For the uninitiated: mining pools are software providers who enable many mining machines to pool together their mining power and share rewards. Mining pools are essential in PoW mining on two levels: first, because earnings for individual miners are highly volatile, and second, because setting up the software infrastructure around mining is increasingly complex. By pooling resources, individual miners can lower variance and have a more predictable business.

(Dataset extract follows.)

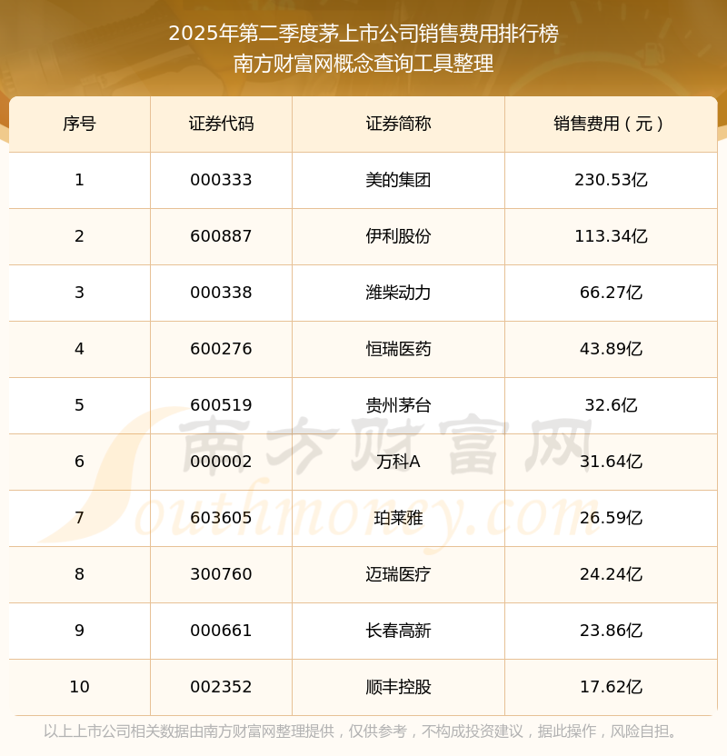 2025年第二季度,茅上市公司銷售費(fèi)用排名中,美的集團(tuán)(000333)銷售費(fèi)用總額高達(dá)230.53億,伊利股份(600887)和濰柴動(dòng)力(000338)排名第二和第三,恒瑞醫(yī)藥(600276)、貴州茅臺(tái)(600519)、萬科A(000002)、珀萊雅(603605)、邁瑞醫(yī)療(300760)、長(zhǎng)春高新(000661)、順豐控股(002352)進(jìn)入前十,銷售費(fèi)用總額分別排名第4-10名。

But with this power comes great responsibility, and mining pools hold a lot of power. This is because mining pools ultimately decide which blocks get worked on by their miners and which transactions are included in those blocks. Mining pools decide on what MEV gets extracted and who gets to extract it, they vote on the gas limit, and they take part in major political battles. That’s why it’s essential to Ethereum culture that the barrier to entry for mining pools be as low as possible, to maximize decentralization.

When MiningDAO set out to build our own independent pool, we were surprised to find that it was incredibly challenging! There’s very little open and publicly shared info on how to run a competitive mining pool, and a lot of the open-source software is out of date. So we figured: let’s fix that by releasing an open-source, step-by-step guide.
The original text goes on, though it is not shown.